**Action item:** The answer must reproduce the listing exactly, with every picture left out.

- Opening Delimiter -

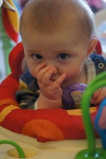 6:05-Cal is done in the Bumbo so I change his diaper while singing the ABCs as it seems Witching Hour has begun.
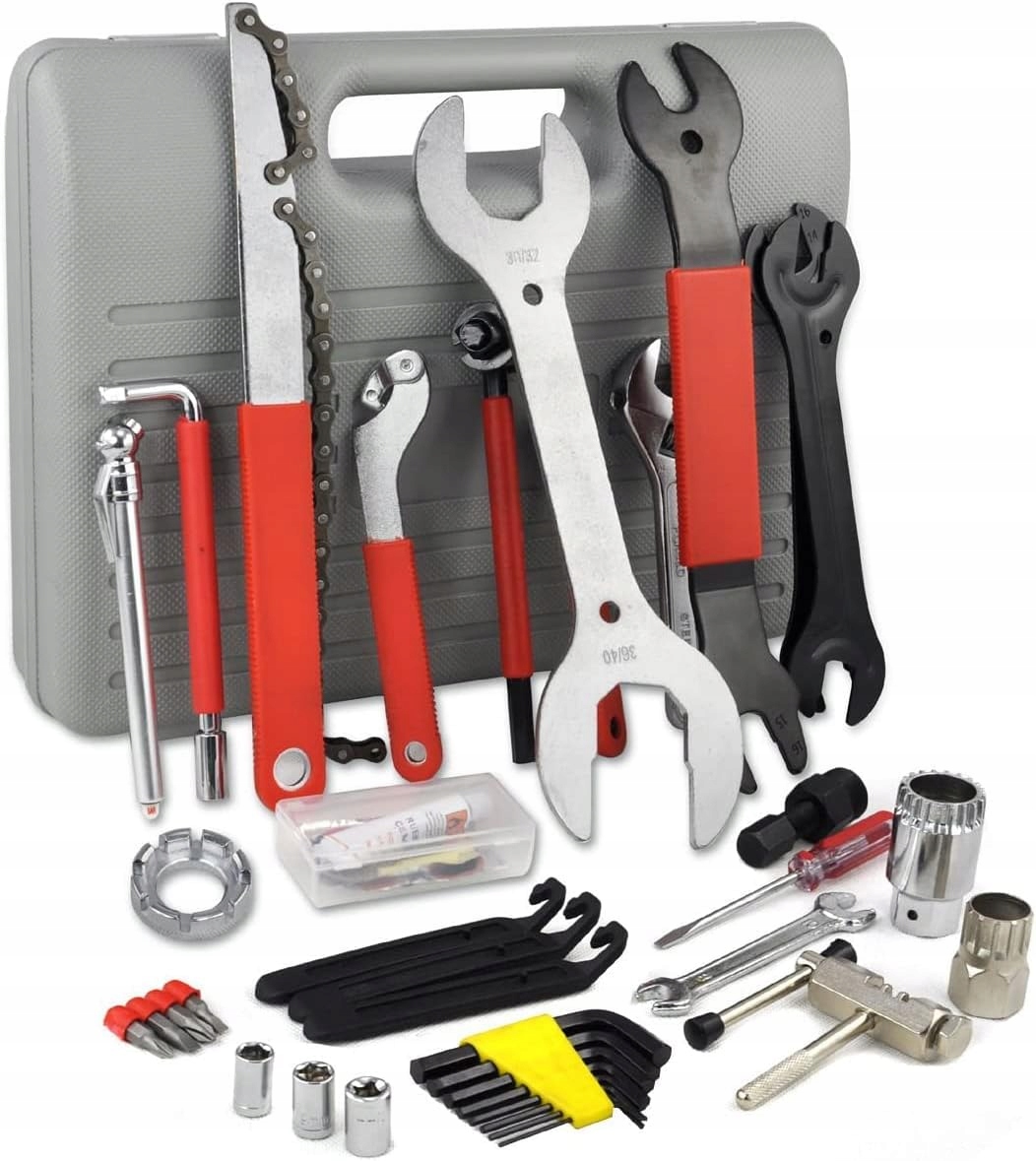 Полный набор инструментов для ремонта и обслуживания велосипеда-целых 44 тщательно подобранных элемента в практичный, прочный чемодан. Незаменим для любого велосипедиста - от любителя до профессионала!
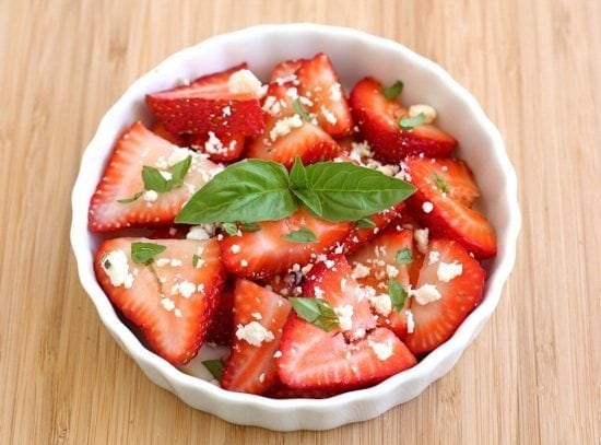 Strawberries with balsamic was one of the first things I remember my boyfriend making for me. One night after we went to dinner we went back to his apartment and were hungry for dessert. He had strawberries so he fixed them w/balsamic vinegar in champagne flutes. I love little memories like that 🙂 I bet feta and basil would be great additions!
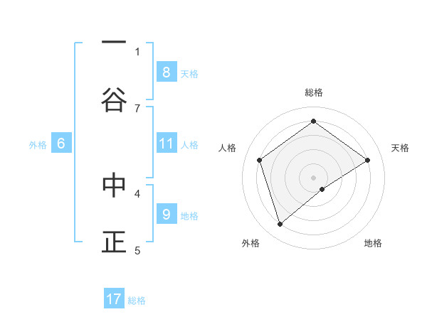 一谷 中正さんの総格は17画の4点!
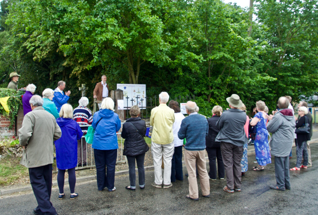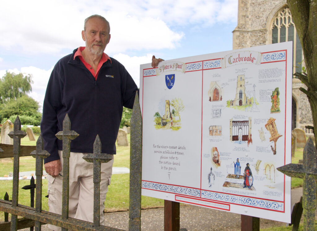 Adrian then began to work on a design for a whole village interpretation board. As he doesn’t live in Carbrooke it was up to the Heritage Group to decide what should be included. Emails, images and ideas passed between Carbrooke and France, until the final design was completed. Again it was sent to Imprint, who mounted three boards, which were installed on August Bank Holiday Monday, 2018, one at the entrance to the Millennium Green, one by the Aerolite footpath on the Norwich Road, and one to be attached to the Community centre on Blenheim Grange when completed.
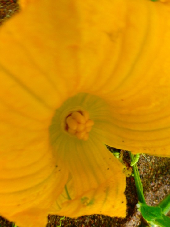 Giant Set 4 Female flower I self pollinated. Last 2 sets had little green pumpkins and huge female flowers. First 2 sets had little yellow pumpkins and small female flowers and aborted. Maybe sets 3 & 4 will set because they are different than sets 1 & 2. Set 3 has changed from a little green pumpkin a slightly larger yellow pumpkin. Hopefully both pumpkins will set but Set 4 is on a secondary vine coming off right before set 3. It wouldn't surprise me if one ends up being aborted.
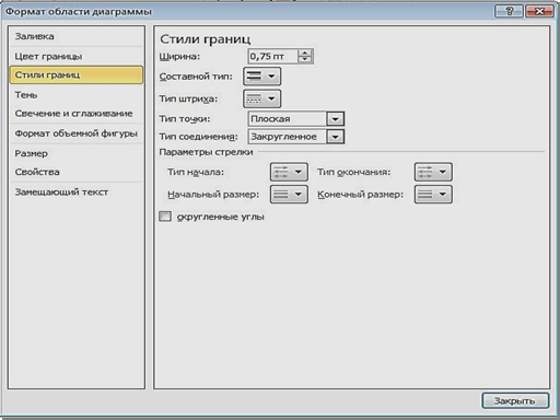 Готовую диаграмму можно перемещать по рабочему листу, изменять ее размер. Чтобы удалить диаграмму, нужно выделить ее и нажать клавишу Del. Если диаграмма расположена на отдельном листе – удалить лист. На вкладке Формат, в группе Размер, внизу справа по кнопке можно открыть диалоговое окно Формат области диаграмм. С помощью этого окна настраиваются дополнительные параметры оформления диаграмм. Здесь можно оформить границы (стиль, цвет), заливку, размер и др.
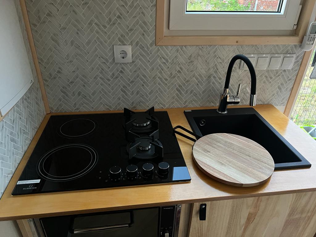 Upon request, we offer a fresh water tank with an automatic pump and two separate wastewater tanks for gray and black water for an additional charge. This makes your tinydomo suitable for camping.
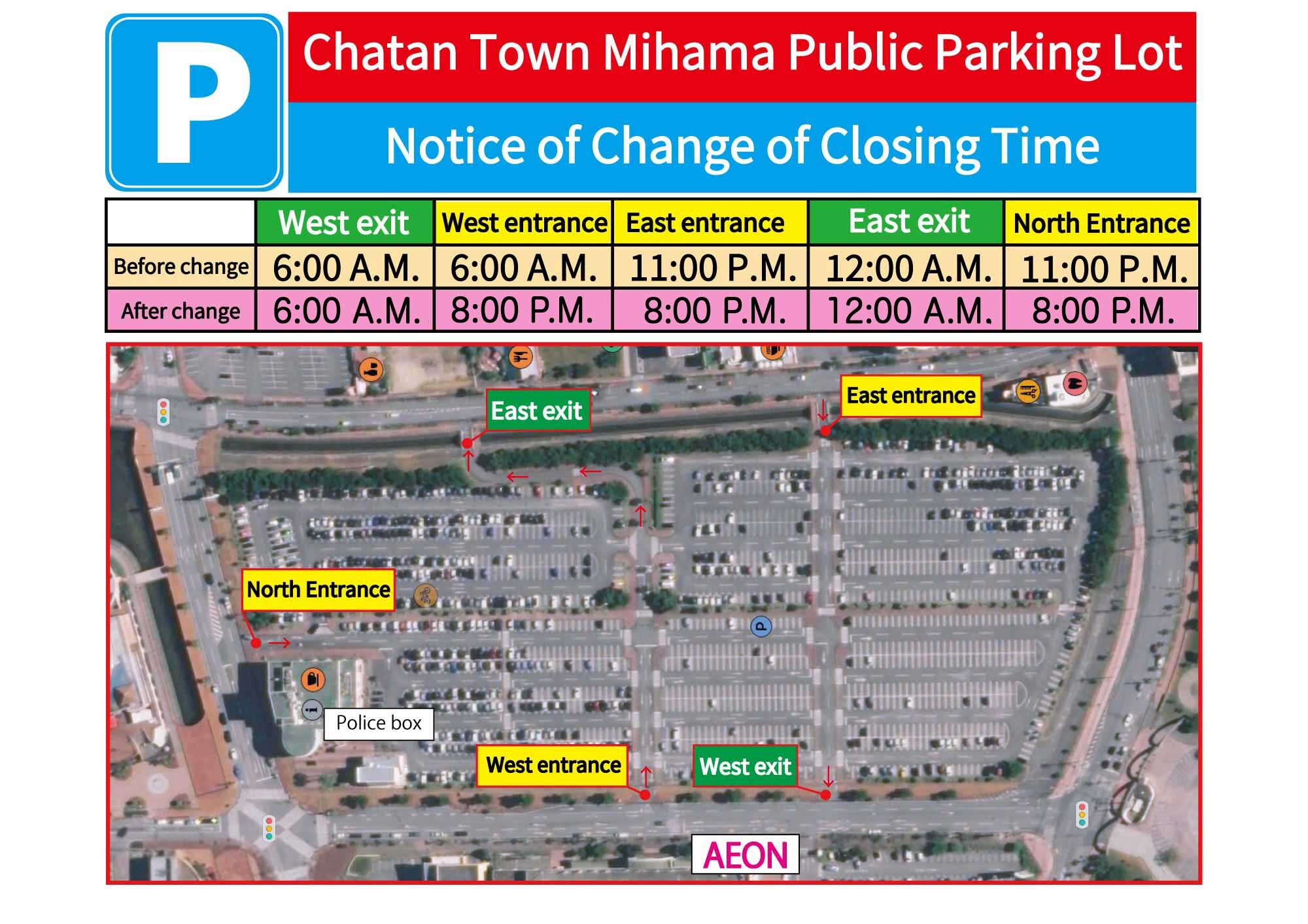 2024年10月31日(木)は、北谷町美浜公共駐車場の閉門時間が変更になるので、ご利用の際はご注意ください!
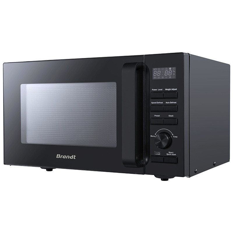 Micro-onde BRANDT - Type de pose : Pose libre - Volume : 25 Litres - Puissance micro-ondes : 900 W - Minuterie : 30 – 95 minutes - Diamètre du plateau tournant : 27 cm - Vitre extérieure en Verre - Dimensions (HxLxP) : 281 x 483 x 421 mm - Couleur : Noir - Garantie 1an
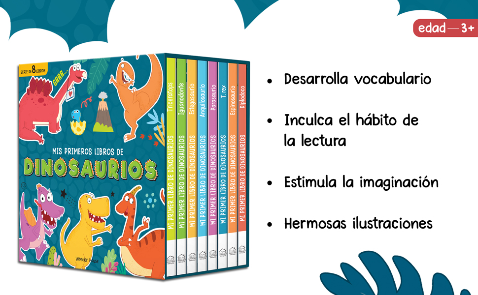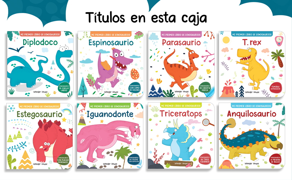My First Board Books Dinosaur introduces young readers to the world of dinosaurs. The boxed set includes 8 beautifully illustrated board books. The easy-to-read words in Spanish introduce the amazing and different dinosaurs, including the mighty T-Rex, the long-necked Diplodocus, and the armored Stegosaurus. Perfect for young dinosaur enthusiasts!
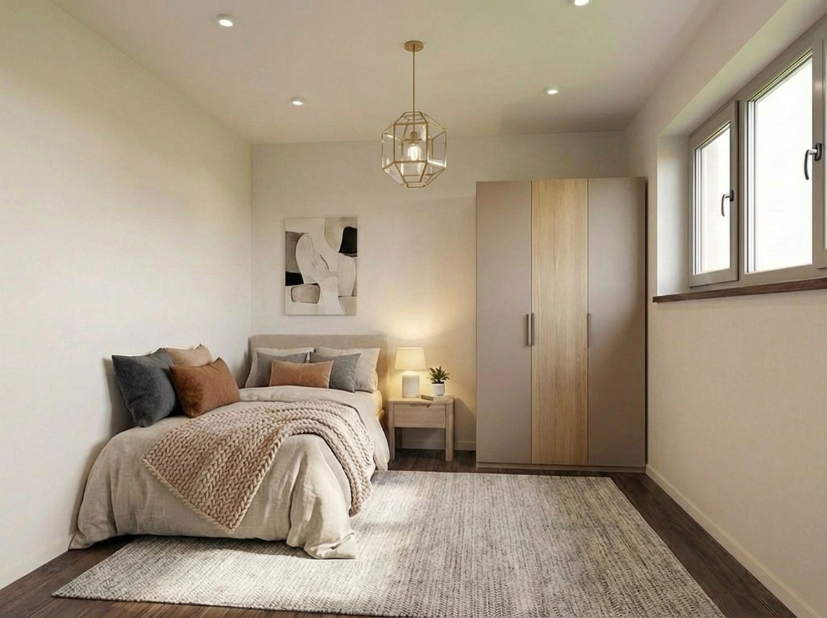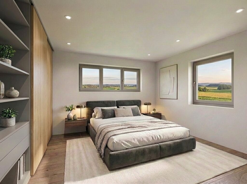 Dazu kommen zwei weitere Zimmer, die Sie flexibel nutzen können – als Schlafzimmer, Arbeitsbereich oder Kinderzimmer. Die klare Trennung der Bereiche sorgt dafür, dass jeder Raum seine Funktion erfüllt – ohne Durchgänge, ohne Platzverlust und ohne Kompromisse im Alltag.
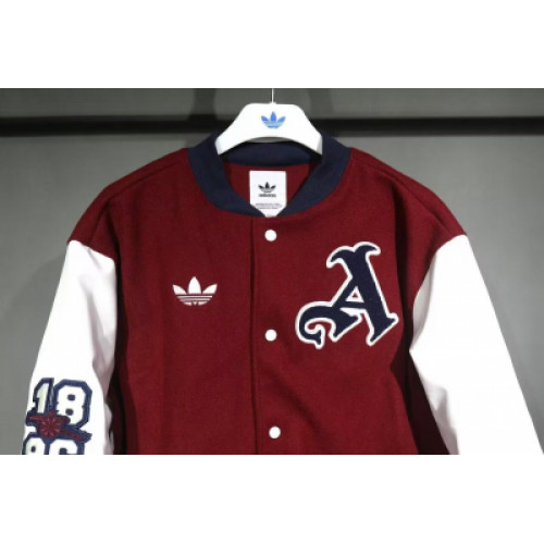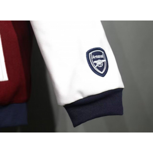 Бомбер выполнен в классическом стиле с фирменной символикой Арсенала и adidas. Основной бордовый цвет гармонично сочетается с белыми рукавами, что придаёт вещи стильный контраст. На груди расположен крупный буквеный логотип «A» и фирменный знак adidas Originals, на рукаве — вышивка «1886», напоминающая о годе основания клуба. Манжеты, воротник и низ выполнены в тёмно-синем цвете с эластичной отделкой для комфортной посадки. Модель отличается качественными материалами, удобной посадкой и современным дизайном, который подойдёт как для повседневной носки, так и для поддержки любимого клуба в сезоне 2025/26.
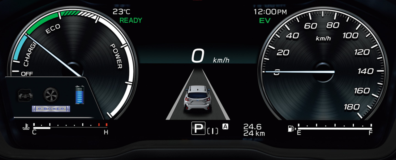 In the Japanese market Crosstrek, the system utilizes a 2.5-liter boxer engine that puts out 160 PS and 209 Nm of torque, and an MC2 AC synchronous motor powered by a 1.1 kWh lithium ion battery that gives a max output of 119.6 PS and 270 Nm of torque. While the S:HEV system features additional components for the Crosstrek, the basic layout of Subaru’s symmetrical AWD remains the same, retaining its mechanically coupled front and rear axles using a propeller shaft.
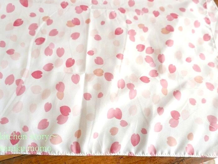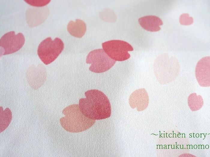 白い生地の中に桜の花びらが舞い踊る姿です。とても美しいですね^^
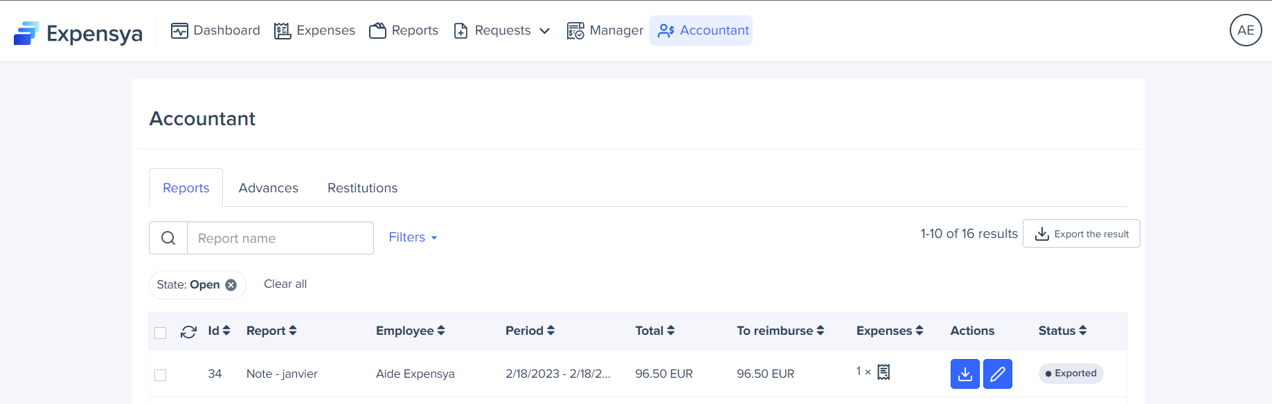 - Approve All: to approve this report, it will pass on to the additional reviewer or accountant (depending on the approval flow set up by the tenant's admin). The report status will change to 'Exported'.

- Closing Delimiter -

**Answer:**
 6:05-Cal is done in the Bumbo so I change his diaper while singing the ABCs as it seems Witching Hour has begun.
 Полный набор инструментов для ремонта и обслуживания велосипеда-целых 44 тщательно подобранных элемента в практичный, прочный чемодан. Незаменим для любого велосипедиста - от любителя до профессионала!
 Strawberries with balsamic was one of the first things I remember my boyfriend making for me. One night after we went to dinner we went back to his apartment and were hungry for dessert. He had strawberries so he fixed them w/balsamic vinegar in champagne flutes. I love little memories like that 🙂 I bet feta and basil would be great additions!
 一谷 中正さんの総格は17画の4点!
 Adrian then began to work on a design for a whole village interpretation board. As he doesn’t live in Carbrooke it was up to the Heritage Group to decide what should be included. Emails, images and ideas passed between Carbrooke and France, until the final design was completed. Again it was sent to Imprint, who mounted three boards, which were installed on August Bank Holiday Monday, 2018, one at the entrance to the Millennium Green, one by the Aerolite footpath on the Norwich Road, and one to be attached to the Community centre on Blenheim Grange when completed.
 Giant Set 4 Female flower I self pollinated. Last 2 sets had little green pumpkins and huge female flowers. First 2 sets had little yellow pumpkins and small female flowers and aborted. Maybe sets 3 & 4 will set because they are different than sets 1 & 2. Set 3 has changed from a little green pumpkin a slightly larger yellow pumpkin. Hopefully both pumpkins will set but Set 4 is on a secondary vine coming off right before set 3. It wouldn't surprise me if one ends up being aborted.
 Готовую диаграмму можно перемещать по рабочему листу, изменять ее размер. Чтобы удалить диаграмму, нужно выделить ее и нажать клавишу Del. Если диаграмма расположена на отдельном листе – удалить лист. На вкладке Формат, в группе Размер, внизу справа по кнопке можно открыть диалоговое окно Формат области диаграмм. С помощью этого окна настраиваются дополнительные параметры оформления диаграмм. Здесь можно оформить границы (стиль, цвет), заливку, размер и др.
 Upon request, we offer a fresh water tank with an automatic pump and two separate wastewater tanks for gray and black water for an additional charge. This makes your tinydomo suitable for camping.
 2024年10月31日(木)は、北谷町美浜公共駐車場の閉門時間が変更になるので、ご利用の際はご注意ください!
 Micro-onde BRANDT - Type de pose : Pose libre - Volume : 25 Litres - Puissance micro-ondes : 900 W - Minuterie : 30 – 95 minutes - Diamètre du plateau tournant : 27 cm - Vitre extérieure en Verre - Dimensions (HxLxP) : 281 x 483 x 421 mm - Couleur : Noir - Garantie 1an
My First Board Books Dinosaur introduces young readers to the world of dinosaurs. The boxed set includes 8 beautifully illustrated board books. The easy-to-read words in Spanish introduce the amazing and different dinosaurs, including the mighty T-Rex, the long-necked Diplodocus, and the armored Stegosaurus. Perfect for young dinosaur enthusiasts!
 Dazu kommen zwei weitere Zimmer, die Sie flexibel nutzen können – als Schlafzimmer, Arbeitsbereich oder Kinderzimmer. Die klare Trennung der Bereiche sorgt dafür, dass jeder Raum seine Funktion erfüllt – ohne Durchgänge, ohne Platzverlust und ohne Kompromisse im Alltag.
 Бомбер выполнен в классическом стиле с фирменной символикой Арсенала и adidas. Основной бордовый цвет гармонично сочетается с белыми рукавами, что придаёт вещи стильный контраст. На груди расположен крупный буквеный логотип «A» и фирменный знак adidas Originals, на рукаве — вышивка «1886», напоминающая о годе основания клуба. Манжеты, воротник и низ выполнены в тёмно-синем цвете с эластичной отделкой для комфортной посадки. Модель отличается качественными материалами, удобной посадкой и современным дизайном, который подойдёт как для повседневной носки, так и для поддержки любимого клуба в сезоне 2025/26.
 In the Japanese market Crosstrek, the system utilizes a 2.5-liter boxer engine that puts out 160 PS and 209 Nm of torque, and an MC2 AC synchronous motor powered by a 1.1 kWh lithium ion battery that gives a max output of 119.6 PS and 270 Nm of torque. While the S:HEV system features additional components for the Crosstrek, the basic layout of Subaru’s symmetrical AWD remains the same, retaining its mechanically coupled front and rear axles using a propeller shaft.
 白い生地の中に桜の花びらが舞い踊る姿です。とても美しいですね^^
 - Approve All: to approve this report, it will pass on to the additional reviewer or accountant (depending on the approval flow set up by the tenant's admin). The report status will change to 'Exported'.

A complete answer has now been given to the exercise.